The Weekly West
The Weekly West was an American newspaper founded by twenty-two-year-old Frances Marion Posegate in St. Joseph, Missouri. In 1859 it was expanded to a daily paper. In August, 1860 Posegate sold the paper to James Tracey & Co.
It contains a first hand account of the start of the Pony Express:
The Weekly West
St. Joseph, Missouri, Saturday Morning, April 7, 1860
THE GREATEST ENTERPRISE OF MODERN TIMES!!At a quarter past seven o'clock, last evening, the mail was placed by M. Jeff. Thompson, on the back of the animal, a fine bay mare, who is to run the first stage of the great through Express from St. Joseph to her sister cites of the Pacific shore. Horse and rider started off amid the loud and continuous cheers of the assembled multitude, all anxious to witness every particular of the inauguration of this greatest enterprise which it has as yet become duty, as a public journalist, to chronicle. The rider is a Mr. Richardson, formerly a sailor, and a man accustomed to every description of hardship, having sailed for years amid the snows and icebergs of the Northern ocean. He was to ride last night the first stage of forty miles, changing horses once, in five hours; and before this paragraph meets the eyes of our readers, the various dispatches contained in the saddlebags, which left here at dark last evening, will have reached the town of Marysville, on the Big Blue, one hundred and twelve miles distant-an enterprise never before accomplished even in this proverbially fast portion of the country.
Previous to the starting of the mail, and while the crowd were anxiously waiting, brief and appropriate addresses were delivered by Mssrs. Majors of the Express Company, Mayor M. Jeff. Thompson, and others, setting fourth the advantages to be derived by the country generally and our city in particular, from this magnificent undertaking, characteristic of the energy and enterprise of those representative men of the great West, Messrs. Majors, Russell, Waddell & Jones. This is but a precursor as Mr.

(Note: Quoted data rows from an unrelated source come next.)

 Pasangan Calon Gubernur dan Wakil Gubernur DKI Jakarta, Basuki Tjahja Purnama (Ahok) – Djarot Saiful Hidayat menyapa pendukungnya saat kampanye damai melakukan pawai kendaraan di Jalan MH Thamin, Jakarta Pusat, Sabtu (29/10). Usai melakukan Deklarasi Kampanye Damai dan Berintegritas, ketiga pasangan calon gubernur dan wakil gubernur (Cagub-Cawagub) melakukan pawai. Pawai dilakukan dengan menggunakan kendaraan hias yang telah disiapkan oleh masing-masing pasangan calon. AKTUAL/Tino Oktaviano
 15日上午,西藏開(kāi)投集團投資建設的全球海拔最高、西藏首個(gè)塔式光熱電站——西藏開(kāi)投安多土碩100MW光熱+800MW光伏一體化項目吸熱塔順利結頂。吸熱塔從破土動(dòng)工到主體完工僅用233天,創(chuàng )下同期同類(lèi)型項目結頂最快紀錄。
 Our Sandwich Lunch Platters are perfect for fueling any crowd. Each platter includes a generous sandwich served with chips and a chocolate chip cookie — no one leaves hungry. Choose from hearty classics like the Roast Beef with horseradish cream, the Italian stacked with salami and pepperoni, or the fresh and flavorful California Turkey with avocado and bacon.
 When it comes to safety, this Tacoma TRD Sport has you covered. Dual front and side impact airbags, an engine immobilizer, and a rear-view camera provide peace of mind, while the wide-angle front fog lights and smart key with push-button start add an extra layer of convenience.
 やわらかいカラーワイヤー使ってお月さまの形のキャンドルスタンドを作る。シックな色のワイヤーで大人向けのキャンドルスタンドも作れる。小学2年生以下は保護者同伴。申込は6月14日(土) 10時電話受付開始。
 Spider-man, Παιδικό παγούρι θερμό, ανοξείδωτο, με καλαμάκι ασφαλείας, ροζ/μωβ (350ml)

Majors justly remarked, of another, a more important, and greater enterprise, which must soon reach its culmination, viz: the construction of the road upon which the tireless iron horse will start on his long overland journey, opening up as he goes the rich meadows of nature, the fertile valleys, and crowning the eminences of the rocky range with evidence of civilization and man's irresistible mania of progression; diversifying the prairies with lowing cattle herds, and making them lovelier by the dwellings of the pioneer, cheered in his western pilgrimage by the loved ones of his household, and aided by the fair hands and bright eyes of woman. Of a truth "the desert shall blossom as the rose".
The messenger from New York with the through dispatches, left that city on Saturday morning; but was detained twenty-four hours in Detroit, reaching this city at five o'clock last evening, via the Palmyra Branch and Hannibal and St. Joseph Railroad, making the distance from the Mississippi to the Missouri in the unprecedented time of four hours and fifty one minutes, including stoppages. The train consisted only of only the engine and one passenger car, running something over forty miles an hour, the distance being stated as two hundred and eight miles. This we may venture to assert, is better time than has ever before been made on a Western railroad, at all events.
The extension of the St. Louis, St. Joseph, and Salt Lake telegraph line will further facilitate this undertaking, bringing us even nearer our brethren to the west of the Sierra Nevada, until, at no far distant day, we shall have a continuous electric chain from one Ocean to the other. And the transmission of intelligence will be almost instantaneous. A proud era it will be for journalism, when the papers of the southern and eastern cities are enabled to publish important events of the Golden State simultaneously with its own journals; and when we here on the banks of the Missouri, intermediate, will made aware of the fluctuations of the markets, lucky strikes in the mines, and of disastrous fires ere the ruins have ceased to smoke.
The Eastward express, we understand, will leave San Francisco today, and we will expect its arrival in twelve days at furthest. We shall regard the arrival of this express as by far the most important event which has occurred since the settlement of our city, and would suggest that a suitable and appropriate demonstration be gotten up to testify our appreciation of the enterprise which has conceived and this far successfully carried out the undertaking.